Task item
Lines before the one containing "상기 2개의 로컬 테이블에" are left out; output the rest of the data exactly, through the final line.

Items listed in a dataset

== Segment start ==

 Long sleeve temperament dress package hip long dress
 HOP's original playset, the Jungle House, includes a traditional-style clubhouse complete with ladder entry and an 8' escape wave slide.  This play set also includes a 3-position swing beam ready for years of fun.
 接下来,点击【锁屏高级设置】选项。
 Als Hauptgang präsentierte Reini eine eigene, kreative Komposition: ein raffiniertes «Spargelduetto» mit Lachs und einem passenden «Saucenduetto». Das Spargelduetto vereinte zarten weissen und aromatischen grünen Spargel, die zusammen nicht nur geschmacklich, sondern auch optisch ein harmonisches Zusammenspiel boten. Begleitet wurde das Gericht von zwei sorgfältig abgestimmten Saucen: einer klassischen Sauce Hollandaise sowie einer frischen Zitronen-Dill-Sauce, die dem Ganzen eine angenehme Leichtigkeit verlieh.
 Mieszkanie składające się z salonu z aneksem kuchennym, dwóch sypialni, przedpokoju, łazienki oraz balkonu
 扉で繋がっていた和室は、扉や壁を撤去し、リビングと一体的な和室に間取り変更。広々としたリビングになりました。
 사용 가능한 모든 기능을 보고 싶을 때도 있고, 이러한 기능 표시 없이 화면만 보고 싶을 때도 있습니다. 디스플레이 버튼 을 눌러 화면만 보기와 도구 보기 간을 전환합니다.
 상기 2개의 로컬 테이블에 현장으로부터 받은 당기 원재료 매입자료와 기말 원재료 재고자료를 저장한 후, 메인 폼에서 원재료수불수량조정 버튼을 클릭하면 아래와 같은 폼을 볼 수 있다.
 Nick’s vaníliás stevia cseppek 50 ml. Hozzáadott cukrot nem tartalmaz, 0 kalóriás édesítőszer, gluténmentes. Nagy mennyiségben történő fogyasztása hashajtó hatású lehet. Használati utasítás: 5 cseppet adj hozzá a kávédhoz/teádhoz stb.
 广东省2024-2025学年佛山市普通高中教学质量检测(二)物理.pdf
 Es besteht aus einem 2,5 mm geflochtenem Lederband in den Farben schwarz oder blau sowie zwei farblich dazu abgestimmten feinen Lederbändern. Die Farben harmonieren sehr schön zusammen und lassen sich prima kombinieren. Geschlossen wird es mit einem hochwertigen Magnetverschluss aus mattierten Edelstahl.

== Segment end ==

Exercise answer
 상기 2개의 로컬 테이블에 현장으로부터 받은 당기 원재료 매입자료와 기말 원재료 재고자료를 저장한 후, 메인 폼에서 원재료수불수량조정 버튼을 클릭하면 아래와 같은 폼을 볼 수 있다.
 Nick’s vaníliás stevia cseppek 50 ml. Hozzáadott cukrot nem tartalmaz, 0 kalóriás édesítőszer, gluténmentes. Nagy mennyiségben történő fogyasztása hashajtó hatású lehet. Használati utasítás: 5 cseppet adj hozzá a kávédhoz/teádhoz stb.
 广东省2024-2025学年佛山市普通高中教学质量检测(二)物理.pdf
 Es besteht aus einem 2,5 mm geflochtenem Lederband in den Farben schwarz oder blau sowie zwei farblich dazu abgestimmten feinen Lederbändern. Die Farben harmonieren sehr schön zusammen und lassen sich prima kombinieren. Geschlossen wird es mit einem hochwertigen Magnetverschluss aus mattierten Edelstahl.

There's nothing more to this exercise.